* ABOUT THIS EXERCISE
The following data is to be repeated exactly, its pictures excluded.

* EXTRACTED ENTRIES
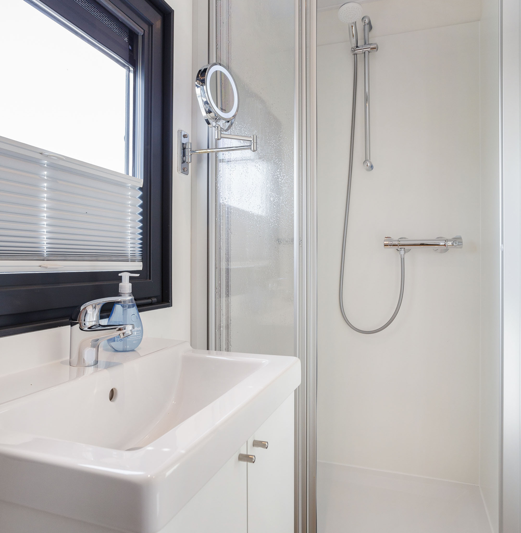 Deze accommodatie heeft twee slaapkamers. De grote slaapkamer is voorzien van een tweepersoonsbed (160x200 cm) en een kast om kleding of spullen in op te bergen. De tweede slaapkamer is ingericht met een stoer geschakeld stapelbed (80x200 cm) en kledingkast. Voor de kleinste gasten is er een opvouwbaar babybed (60x120 cm) en tevens een kinderstoel aanwezig. De moderne badkamer is voorzien van een douche, toilet en badkamermeubel met spiegel.
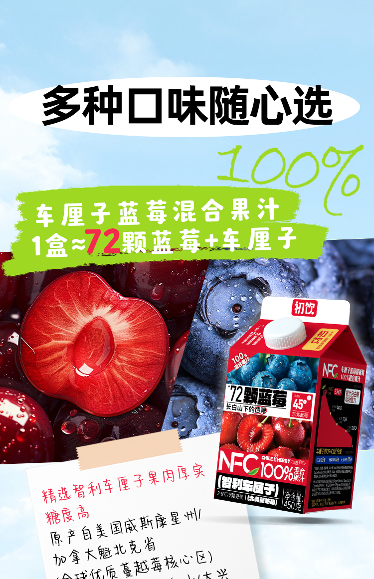 长白山NFC蓝莓浆×智利NFC车厘子汁×加拿大蔓越莓
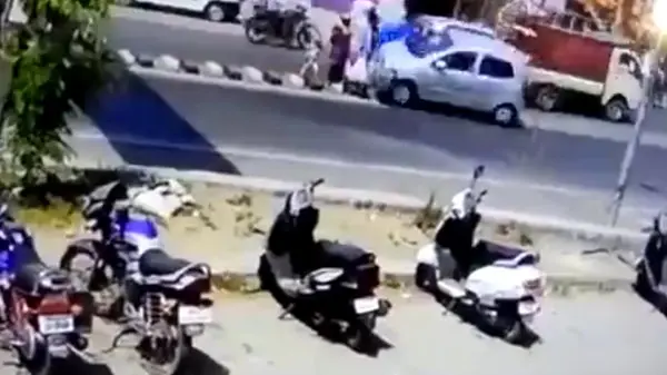 خانوادهای در شهر پونه هند منتظر خلوت شدن خیابان برای عبور از آن بودند که ناگهان خودرویی اعضای این خانواده را زیر گرفت.
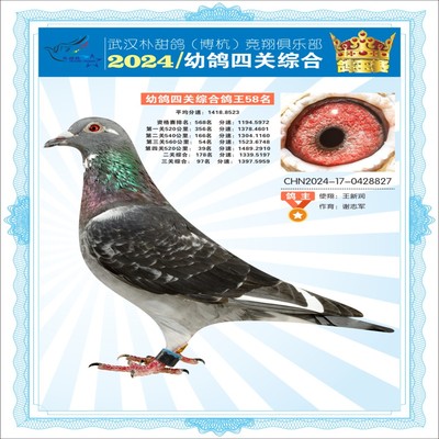 2024年武汉朴甜鸽[博杭]幼鸽四关综合鸽王58名
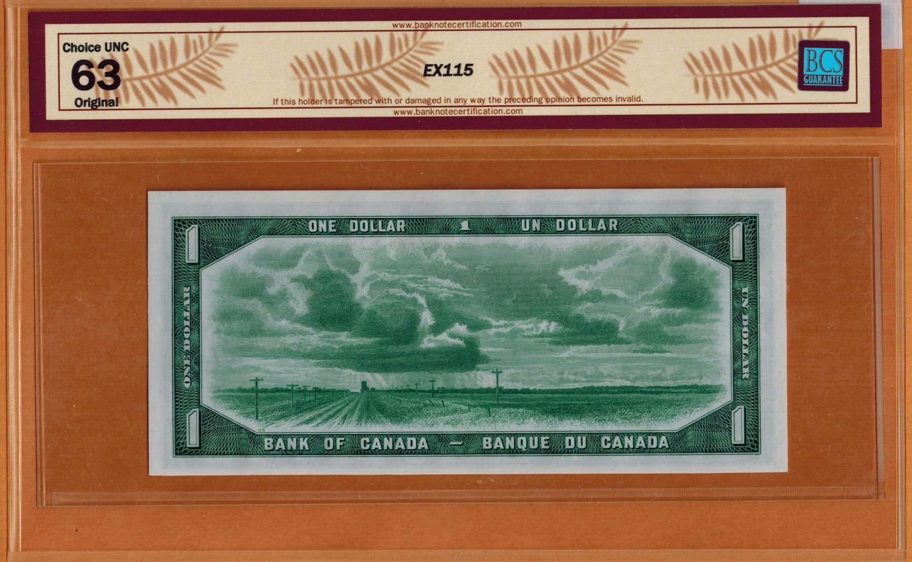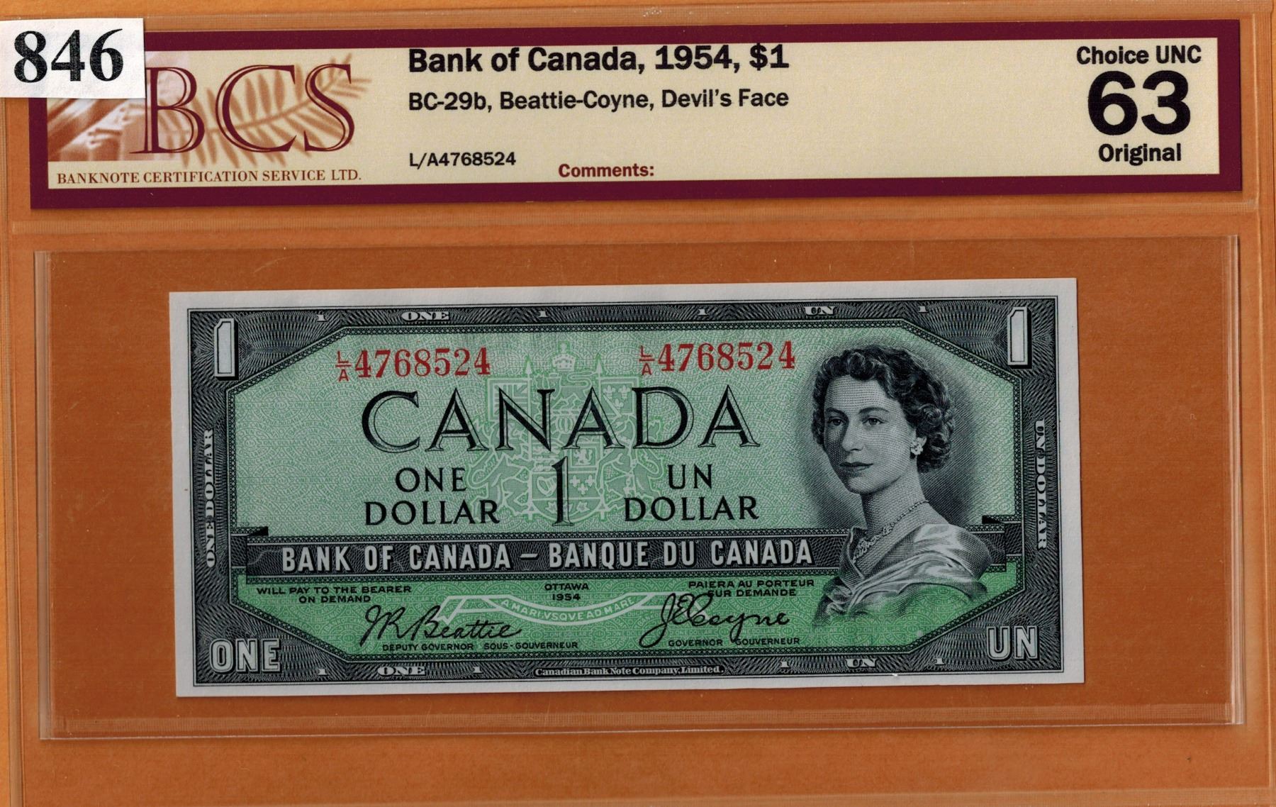1954 BANK OF CANADA $1.00 DEVIL'S FACE BANKNOTE - BCS GRADED - CHOICE UNC 63

* EXERCISE ANSWER
 Deze accommodatie heeft twee slaapkamers. De grote slaapkamer is voorzien van een tweepersoonsbed (160x200 cm) en een kast om kleding of spullen in op te bergen. De tweede slaapkamer is ingericht met een stoer geschakeld stapelbed (80x200 cm) en kledingkast. Voor de kleinste gasten is er een opvouwbaar babybed (60x120 cm) en tevens een kinderstoel aanwezig. De moderne badkamer is voorzien van een douche, toilet en badkamermeubel met spiegel.
 长白山NFC蓝莓浆×智利NFC车厘子汁×加拿大蔓越莓
 خانوادهای در شهر پونه هند منتظر خلوت شدن خیابان برای عبور از آن بودند که ناگهان خودرویی اعضای این خانواده را زیر گرفت.
 2024年武汉朴甜鸽[博杭]幼鸽四关综合鸽王58名
1954 BANK OF CANADA $1.00 DEVIL'S FACE BANKNOTE - BCS GRADED - CHOICE UNC 63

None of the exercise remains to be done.